Traditional cattle ranching has been the prominent use of the Pantanal by local people for more than 250 years, and occupies about 80 per cent of the Pantanal area across Brazil, Bolivia and Paraguay. As local communities involved with ecotourism are typically more tolerant of conflicts with big cats, such as cattle depredation, it is important that the Pantanal wildlife tourism involve the ranching community.

Guyra Paraguay report that Jaguars and Pumas to the South of the Chaco-Pantanal Reserve have been known to attack livestock, and the losses are hardest for small ranch owners.

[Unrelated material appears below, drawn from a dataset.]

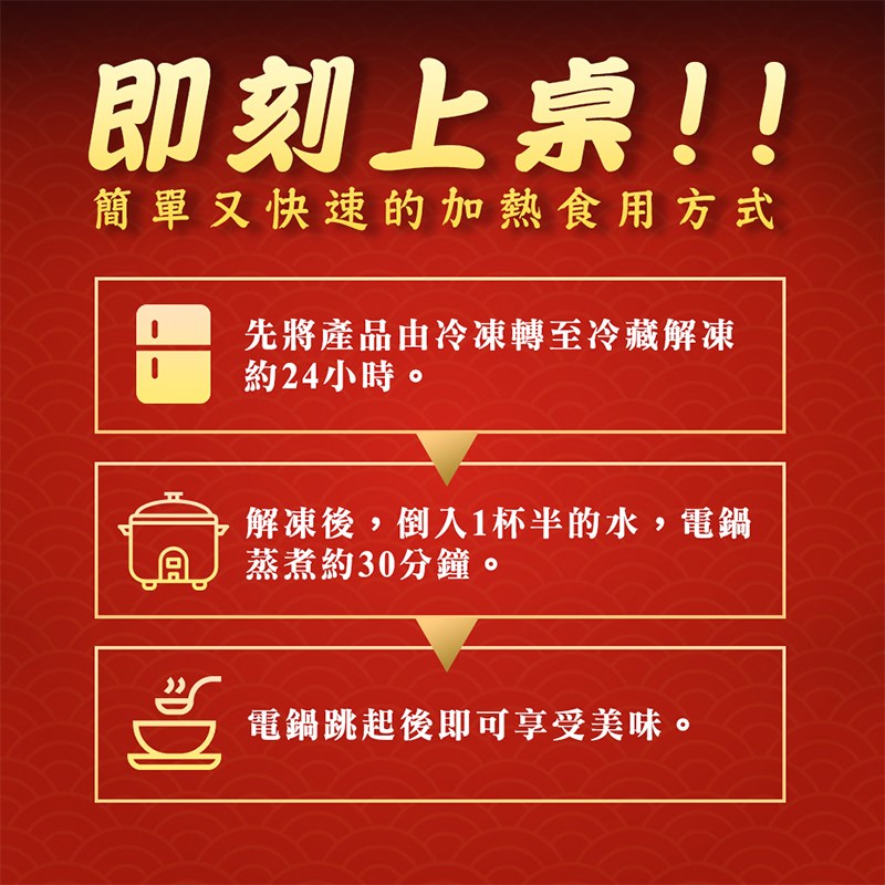 加熱方式:完全退冰後,蒸煮30分鐘即可
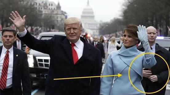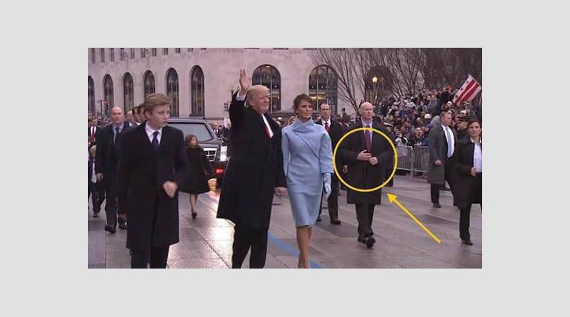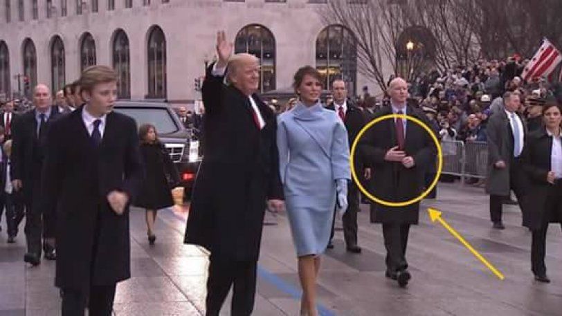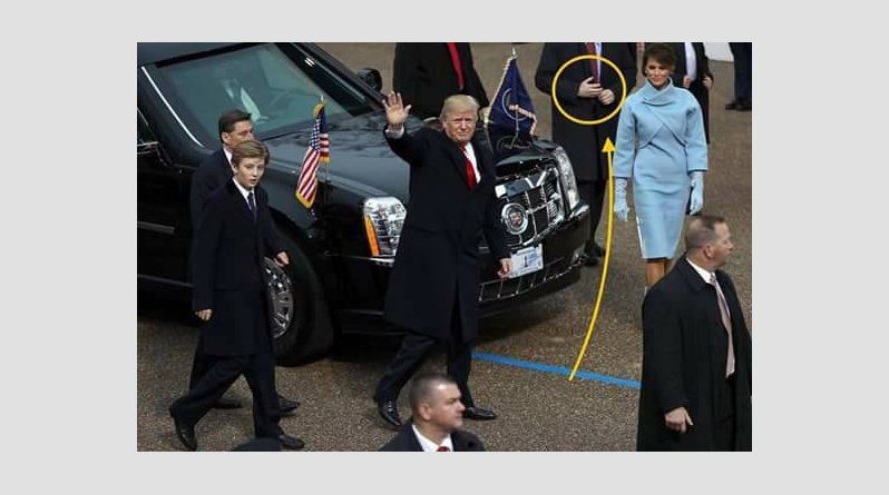 Την ώρα που τα βλέμματα ήταν στραμμένα στον Ντόναλντ Τραμπ, ένας από τους φρουρούς που ακολουθούσε την πρώτη κυρία, Μελάνια Τραμπ, είχε σε γωνία τα χέρια του, σαν να φτιάχνει το παλτό του. Ωστόσο τα χέρια του ήταν σε αυτή τη θέση σε όλη τη διάρκεια της εκδήλωσης.

The current system for reporting wildlife conflict can be improved, said Viviana Rojas, Species Conservation Manager at Guyra Paraguay, who is working on a project funded by the National Science Council (Conacyt) to resolve this conflict in the area.

Viviana said “We conducted interviews with ranch owners and administrators, asking about their management, number of cattle lost each year, cattle health and if they could identify puma or jaguar kills. Most of the people identify the conflict as serious but most of them also showed interest in some kind of measure or incentive to conserve big carnivores if somehow they could make up for the loss.”

Compensation for cattle ranchers

Jaguar

The research, conducted with the Federal University of Mato Grosso and conservation organisation Panthera, evaluated the income from jaguar tourism and calculated livestock losses to jaguars in Brazilian Pantanal. The study also showed that 80 per cent of tourists would donate an additional 6.8 per cent of their tour package costs for a compensation scheme for cattle ranchers.

Professor Carlos Peres, Professor of Environmental Sciences at UEA, said, “The discrepancy between the financial benefits and costs of retaining jaguars provides a huge window of opportunity for the conservation of this flagship cat and many other species of the increasingly embattled Brazilian Pantanal.

“The shifting livelihood portfolio of many tropical wildlands will increasingly require financial compensation for greater landholder tolerance to fierce natural predators, if we are to consolidate economically viable conservation landscapes.”

More information

Guyra Paraguay logo

When planning a holiday to see wildlife, it is good practice to engage with tourism operators that work with local people to benefit the community and reduce any human-wildlife conflict, like the Three Giants Biological Station.

Tortato, F. R., Izzo, T. J., Hoogesteijn, R., & Peres, C. A. (2017). The numbers of the beast: Valuation of jaguar (Pantheraonca) tourism and cattle depredation in the Brazilian Pantanal. Global Ecology and Conservation, 11, 106-114.